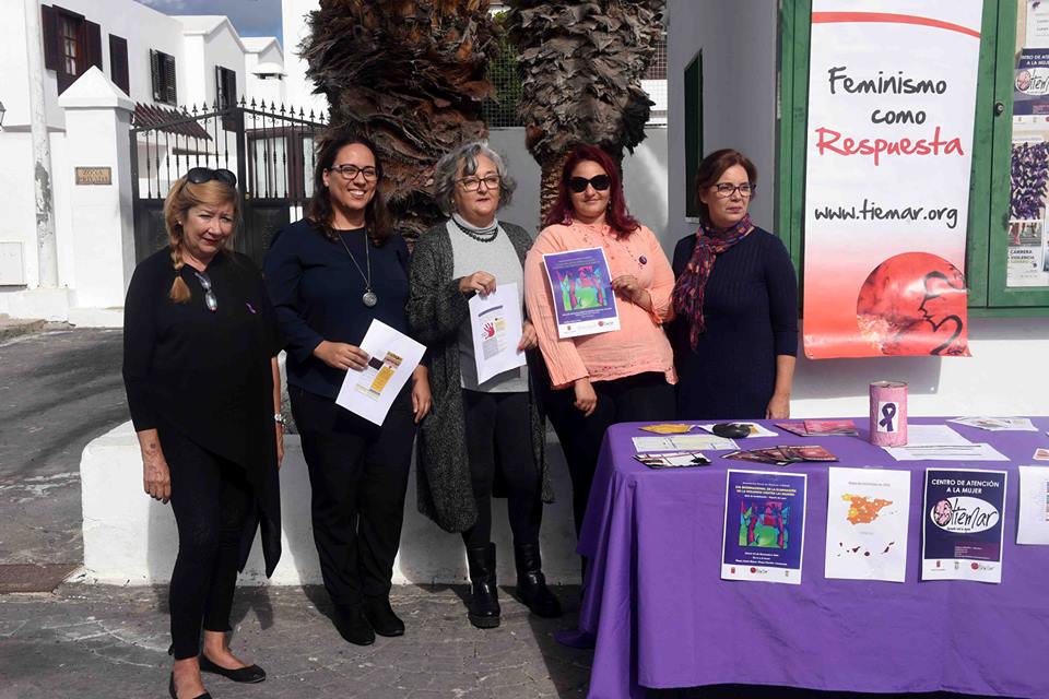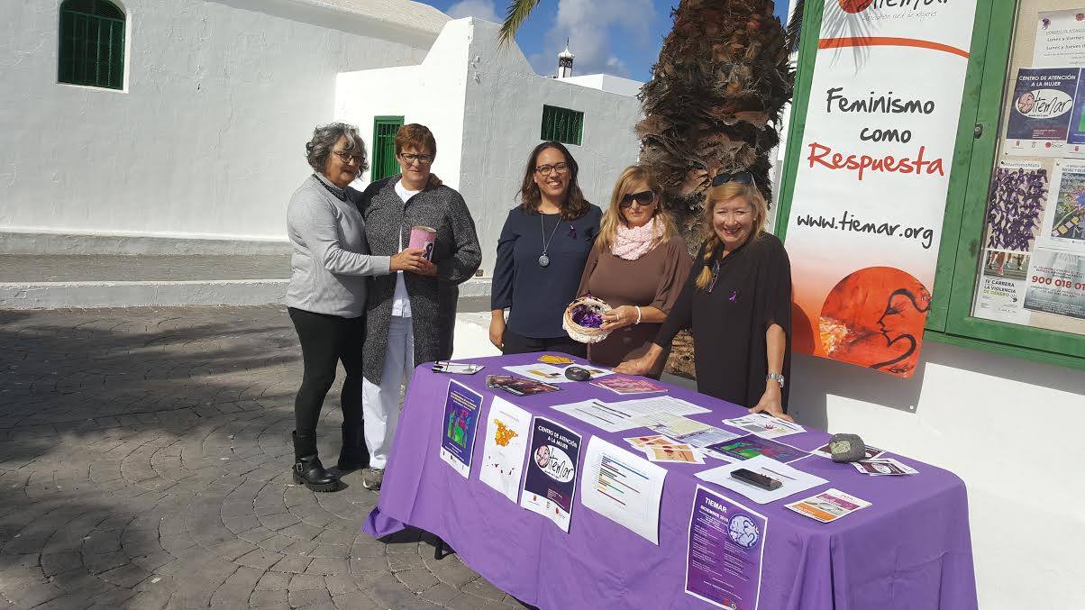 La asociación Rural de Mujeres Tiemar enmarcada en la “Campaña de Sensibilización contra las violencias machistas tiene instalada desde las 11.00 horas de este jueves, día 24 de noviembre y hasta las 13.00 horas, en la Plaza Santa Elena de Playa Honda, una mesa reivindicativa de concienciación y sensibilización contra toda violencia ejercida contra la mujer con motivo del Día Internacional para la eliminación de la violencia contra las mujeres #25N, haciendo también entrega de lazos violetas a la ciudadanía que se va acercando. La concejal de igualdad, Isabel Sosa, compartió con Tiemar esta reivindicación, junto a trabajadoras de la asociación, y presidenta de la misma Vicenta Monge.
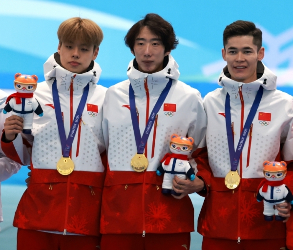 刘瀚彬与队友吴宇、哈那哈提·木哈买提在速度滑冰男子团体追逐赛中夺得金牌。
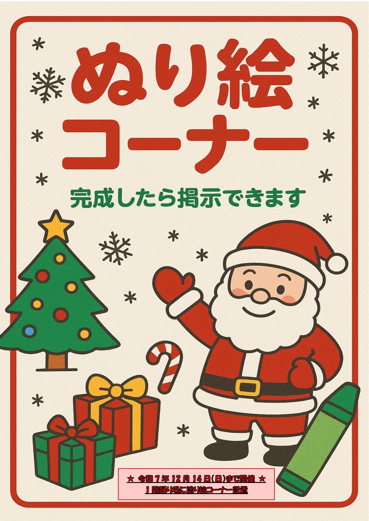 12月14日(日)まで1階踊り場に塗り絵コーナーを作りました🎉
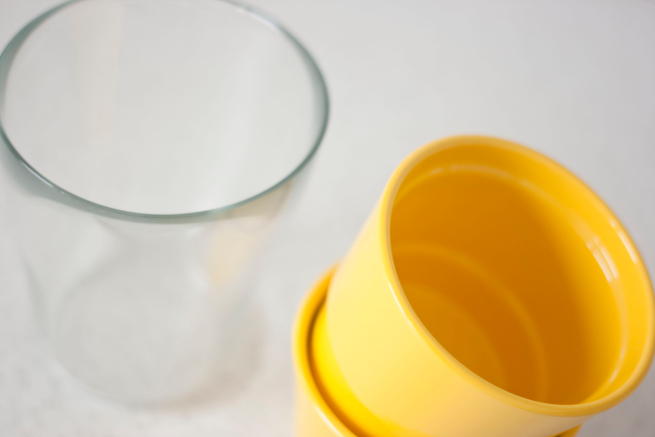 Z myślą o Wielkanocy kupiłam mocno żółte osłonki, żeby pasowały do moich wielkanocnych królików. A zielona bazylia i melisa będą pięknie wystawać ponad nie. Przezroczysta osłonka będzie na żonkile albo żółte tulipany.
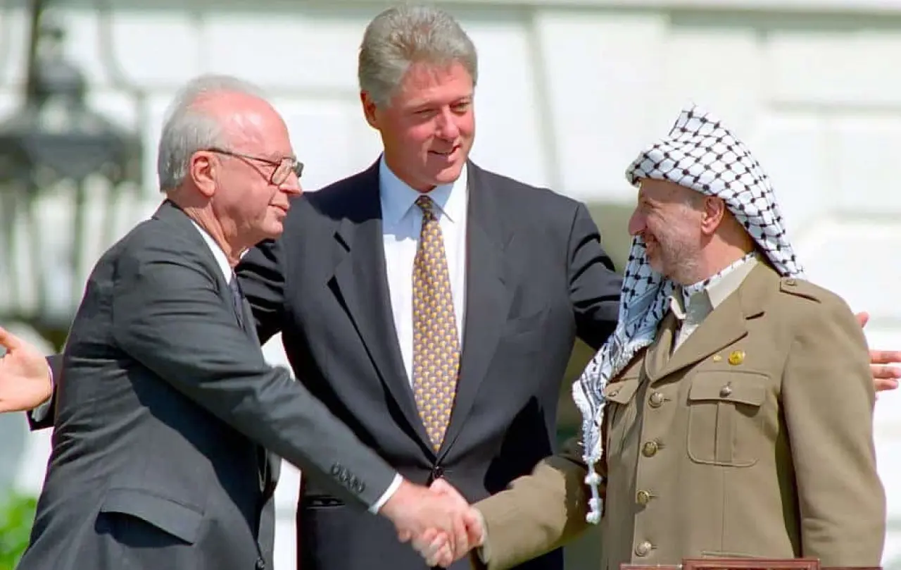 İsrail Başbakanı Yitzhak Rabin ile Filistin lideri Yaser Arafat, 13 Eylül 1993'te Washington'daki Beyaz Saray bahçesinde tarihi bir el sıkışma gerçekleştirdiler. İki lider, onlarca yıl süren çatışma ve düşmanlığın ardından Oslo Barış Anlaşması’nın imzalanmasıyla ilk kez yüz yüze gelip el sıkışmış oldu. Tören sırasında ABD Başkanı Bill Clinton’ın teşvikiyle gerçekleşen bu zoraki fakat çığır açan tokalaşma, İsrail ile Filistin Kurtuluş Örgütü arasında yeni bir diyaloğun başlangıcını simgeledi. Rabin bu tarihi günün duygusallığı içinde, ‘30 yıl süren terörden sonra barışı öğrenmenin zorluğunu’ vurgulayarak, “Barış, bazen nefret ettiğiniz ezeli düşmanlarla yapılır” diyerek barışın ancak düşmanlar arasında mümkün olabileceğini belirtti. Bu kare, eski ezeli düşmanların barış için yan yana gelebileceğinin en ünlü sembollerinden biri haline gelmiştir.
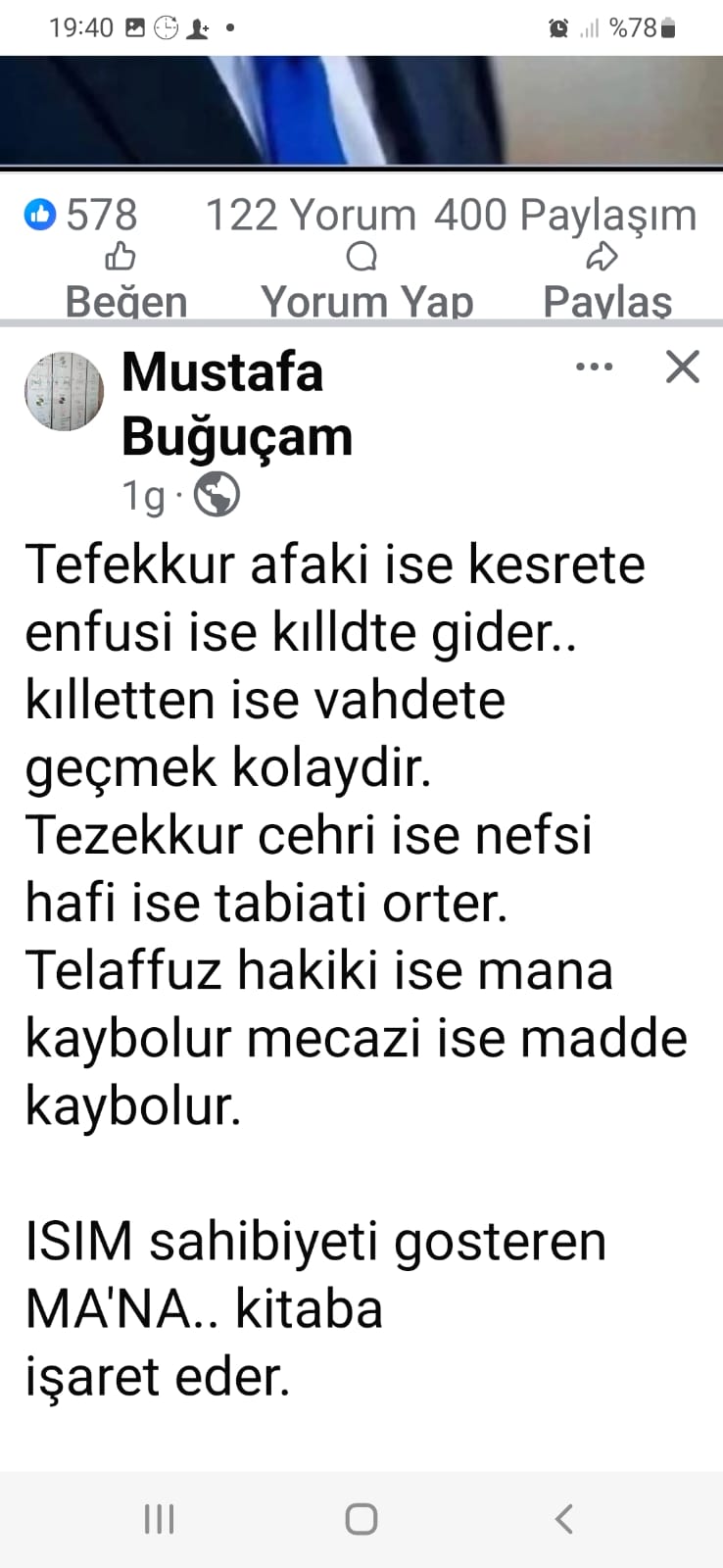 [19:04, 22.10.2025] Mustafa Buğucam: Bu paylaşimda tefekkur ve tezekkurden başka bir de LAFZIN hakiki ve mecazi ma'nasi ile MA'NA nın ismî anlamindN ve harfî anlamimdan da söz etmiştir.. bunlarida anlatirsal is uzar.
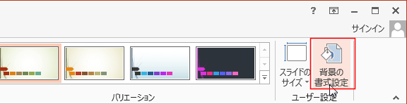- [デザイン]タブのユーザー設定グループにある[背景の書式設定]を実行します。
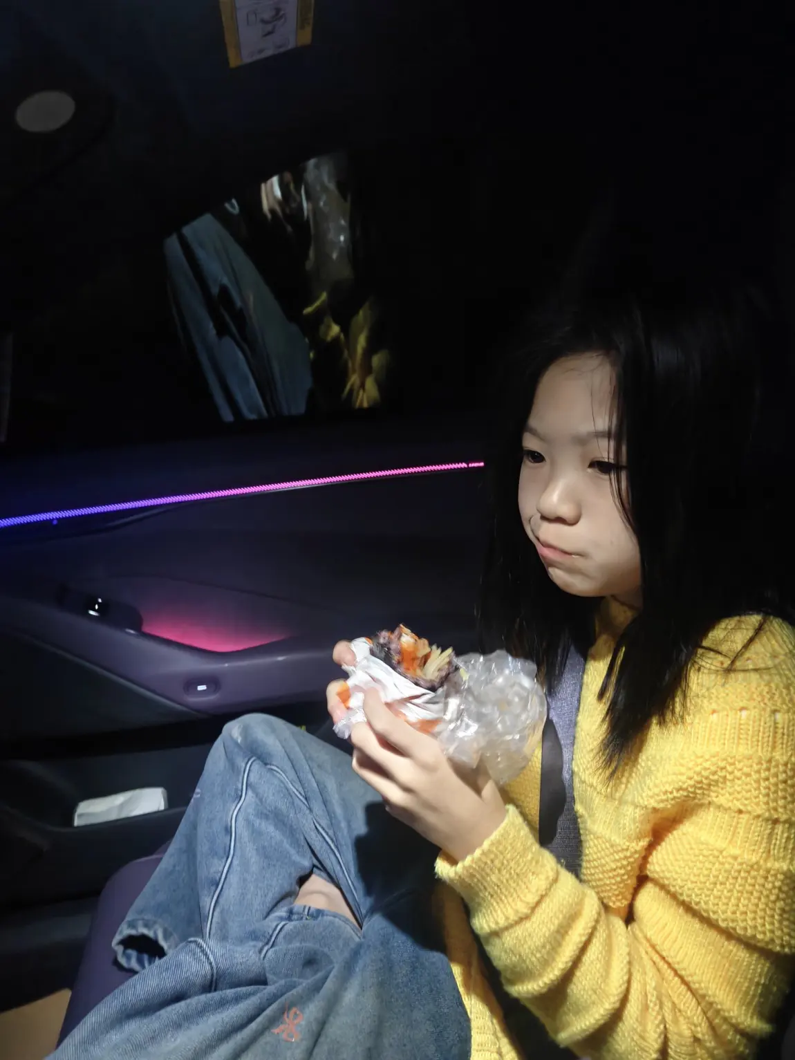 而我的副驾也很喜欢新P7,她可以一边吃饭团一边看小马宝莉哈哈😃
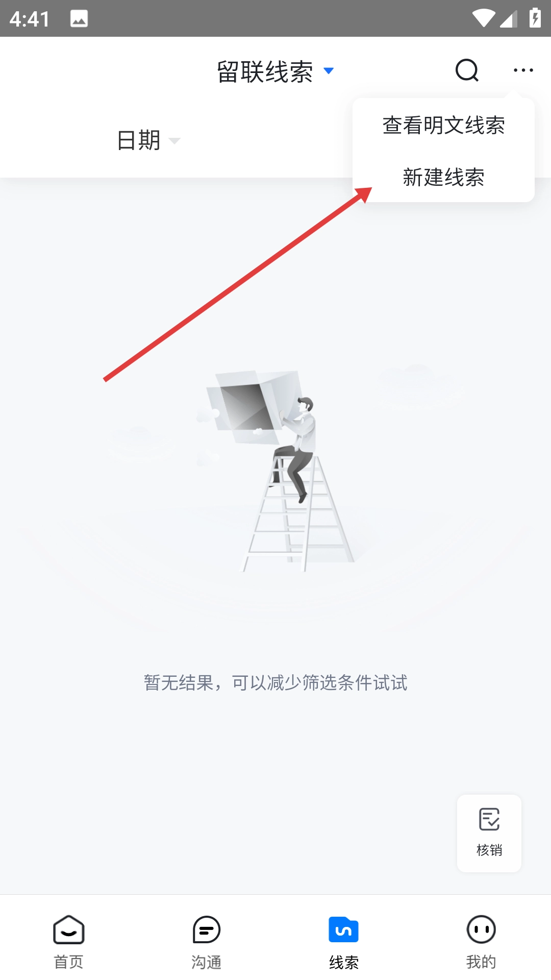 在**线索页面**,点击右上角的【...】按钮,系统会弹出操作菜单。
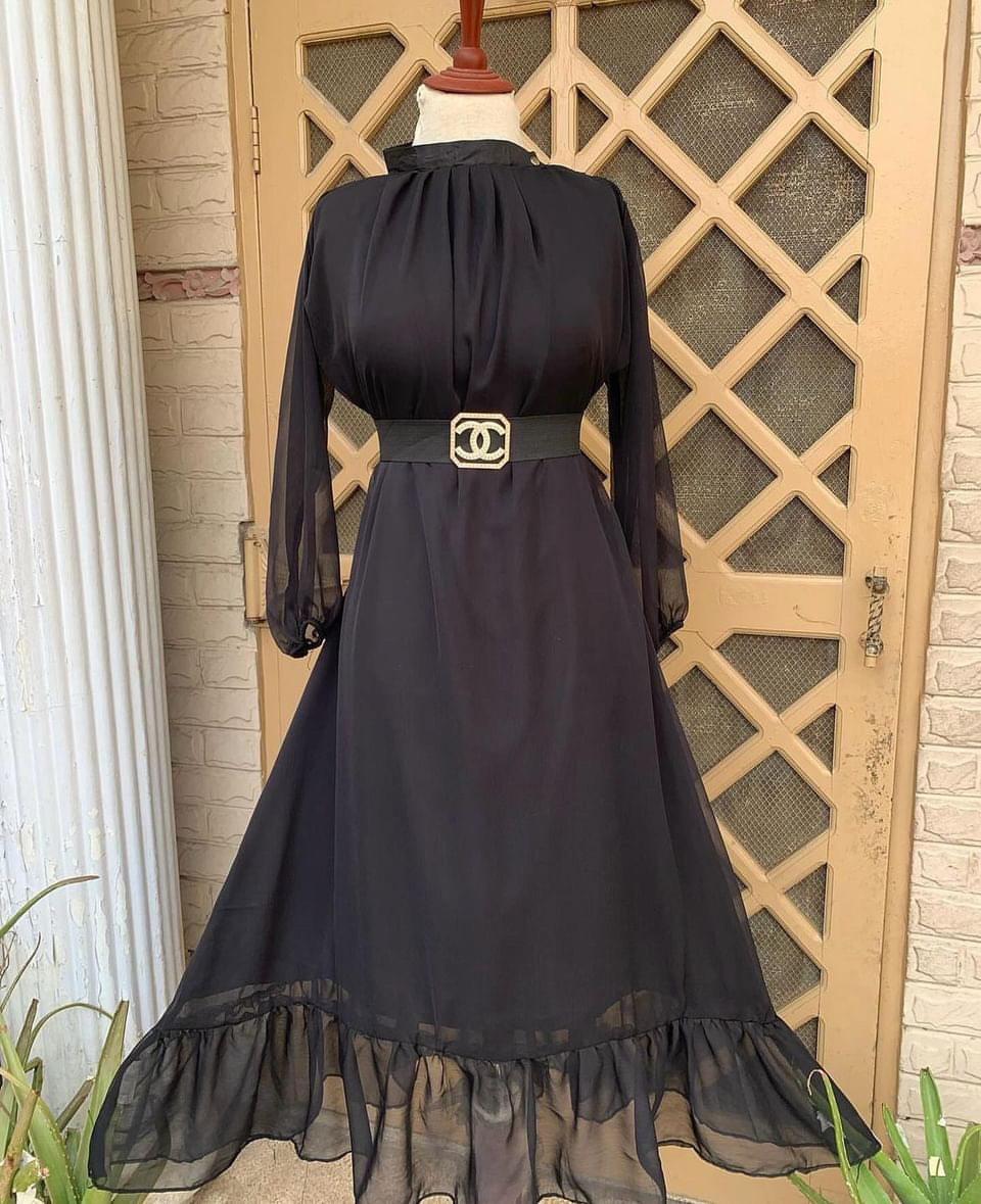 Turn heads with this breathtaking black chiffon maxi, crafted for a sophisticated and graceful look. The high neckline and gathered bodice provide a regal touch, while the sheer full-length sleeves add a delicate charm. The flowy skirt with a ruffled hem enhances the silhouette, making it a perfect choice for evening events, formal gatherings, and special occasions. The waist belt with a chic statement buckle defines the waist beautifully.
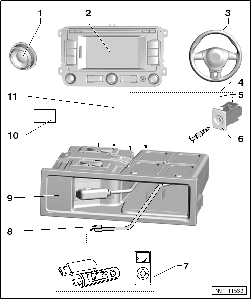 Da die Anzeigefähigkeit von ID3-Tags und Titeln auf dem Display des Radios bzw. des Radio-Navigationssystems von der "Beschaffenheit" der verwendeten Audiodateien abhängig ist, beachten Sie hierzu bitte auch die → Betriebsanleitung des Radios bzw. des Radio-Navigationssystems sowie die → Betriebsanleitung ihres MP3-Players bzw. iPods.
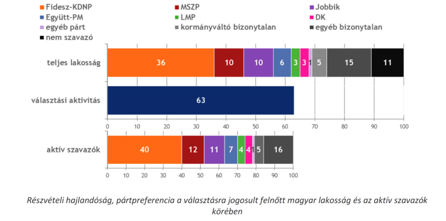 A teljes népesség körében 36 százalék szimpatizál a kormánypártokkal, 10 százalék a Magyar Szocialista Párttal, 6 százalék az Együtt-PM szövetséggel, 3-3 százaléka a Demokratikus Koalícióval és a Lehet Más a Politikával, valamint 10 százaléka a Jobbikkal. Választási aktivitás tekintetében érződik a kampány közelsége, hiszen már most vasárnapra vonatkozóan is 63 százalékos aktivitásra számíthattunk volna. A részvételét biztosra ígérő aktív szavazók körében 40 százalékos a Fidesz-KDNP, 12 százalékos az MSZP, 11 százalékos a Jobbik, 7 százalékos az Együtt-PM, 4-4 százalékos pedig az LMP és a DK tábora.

=-=-=-=-=

Required action
Exact copy, pictures excluded: every line above from the one containing "而我的副驾也很喜欢新P7,她可以一边吃饭团一边看小马宝莉哈哈😃" to the one containing "Da die Anzeigefähigkeit", inclusive, and nothing more.

Response to this exercise
 而我的副驾也很喜欢新P7,她可以一边吃饭团一边看小马宝莉哈哈😃
 在**线索页面**,点击右上角的【...】按钮,系统会弹出操作菜单。
 Turn heads with this breathtaking black chiffon maxi, crafted for a sophisticated and graceful look. The high neckline and gathered bodice provide a regal touch, while the sheer full-length sleeves add a delicate charm. The flowy skirt with a ruffled hem enhances the silhouette, making it a perfect choice for evening events, formal gatherings, and special occasions. The waist belt with a chic statement buckle defines the waist beautifully.
 Da die Anzeigefähigkeit von ID3-Tags und Titeln auf dem Display des Radios bzw. des Radio-Navigationssystems von der "Beschaffenheit" der verwendeten Audiodateien abhängig ist, beachten Sie hierzu bitte auch die → Betriebsanleitung des Radios bzw. des Radio-Navigationssystems sowie die → Betriebsanleitung ihres MP3-Players bzw. iPods.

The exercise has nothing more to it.